Critics of the city’s enormous investment in policing also noted that several other proposals by the mayor’s anti-violence council, rolled out alongside the Office of Violence Reduction, centered on funding efforts by the Atlanta Police Department. Those proposals included the hiring of 250 additional officers and installing 250 street cameras.
“The Office of Violence Reduction is a pretty explicit example that politicians are good at using language, there is a whole lot of language about holistic approaches including violence prevention, but a majority of that funding was going to the police, anyway,” said Dr.
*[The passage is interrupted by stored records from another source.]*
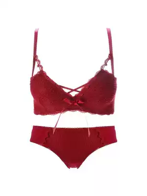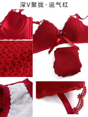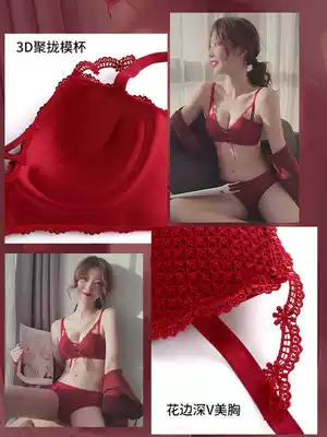 Underwear Women's Small breasts gather the original year red wedding dress beauty back pull underwear set without steel ring adjustment type
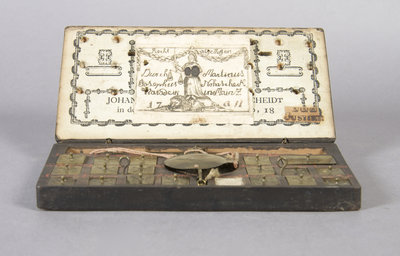 circa 1780, in a fitted case with decorated paper interior having maker's name, 18 brass weights and folding shaft with round brass plates.
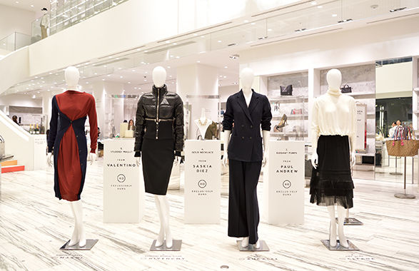 ドレスやセットアップなどのフォーマルスタイルから、カジュアルファッション、小物まで、さまざまなアイテムがポップアップコーナーに並ぶ。
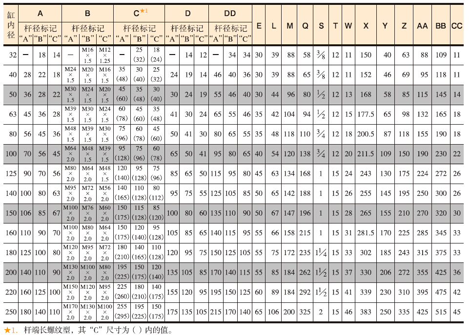 CXHD系列薄型油缸基本參數(shù)
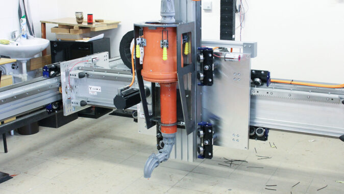 Tisk na staveništi až do vzdálenosti 5,6 metru a výšky 3,2 metru bude zajišťovat otočné a posuvné robotické rameno. Zatím naši vědci vyvinuli model tohoto ramene v měřítku 1:4 a na něm si už ověřili, že rameno dokáže opsat jakoukoliv křivku. „Architekti požadují, aby bylo možné tisknout stěny s prakticky libovolnou půdorysnou křivostí, která se může velmi rychle měnit. Včetně přerušování tisku a vzniku ostrých zlomů,“ upřesňuje Václav Záda z FM, jeden z hlavních autorů tiskového robota.
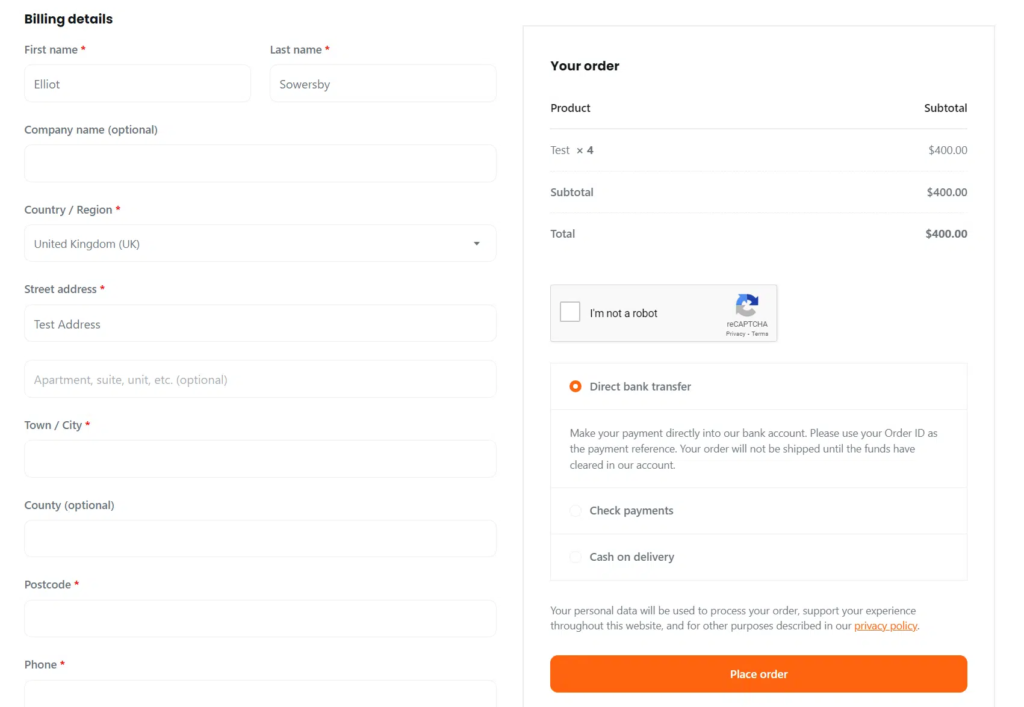 以下是启用 WooCommerce 结账页面后 reCAPTCHA 验证码的示例:

Mark Spencer, an internal medicine physician in the city, who is an advocate for nonpolicing alternatives to violence prevention. “Are people in leadership really committed to a holistic vision of public safety, if the vast majority of that vision, and funding is still within the police?”
Mayor Andre Dickens’ office did not respond to multiple requests to speak about the Office of Violence Reduction.
While efforts to fund community violence prevention have lagged, the city’s support of policing has increased, signaled most significantly by the city’s commitment to Cop City. Last month, the City Council voted to approve $67 million for the construction of the training facility, despite 12 hours of public comment from city residents who were overwhelmingly opposed to the project. The vote means that the city will initially invest $30 million from its general fund, along with another $1 million toward the building of a gym. An additional $36 million will come from a leasing agreement with the police foundation over the next 30 years.
The 85-acre facility, located on the site of the Old Prison Farm, a defunct former prison that was operated by the state of Georgia throughout the 20th century, will contain an auditorium; a burn tower; new shooting ranges; space to practice high-speed chases; and a mock-city for urban police training. The project has sparked numerous protests, with opponents arguing that development of the site, which is prone to flooding and is the largest area left of the city’s greenspace, will harm the environment while propagating the militarization of the police.
Even some advocates of policing who don’t believe that the facility will militarize the department have suggested that the money could be spent elsewhere, like improving law enforcement vehicles or higher wages. Anti-violence advocates, meanwhile, continue to point to something they believe is even more critical — that the funding going to the training facility is taking resources away from programs that have long been undersupported.
Initiatives that address what many, including council member Keisha Sean Waites, describe as the “root causes of crime” — income insecurity, housing instability, and lack of healthcare — are often eclipsed in the city’s budget by law enforcement expenses. The city’s proposed fiscal year budget for 2023, its largest in history, includes $247 million for spending directly tied to law enforcement.
Atlanta’s lack of a robust city-supported violence prevention infrastructure is what in part influenced Volkan Topalli to get involved with the new hospital-based violence program, IVYY. That program, funded by Grady Memorial Hospital and a grant from DeKalb County, wasn’t one of the programs funded by the Office of Violence Reduction.
“We have spent so much time and effort on the brute force approaches, it’s time to start thinking about more community-based programs,” Topalli said. “We just haven’t had those types of investment to see if they can do the things we think that they can do.”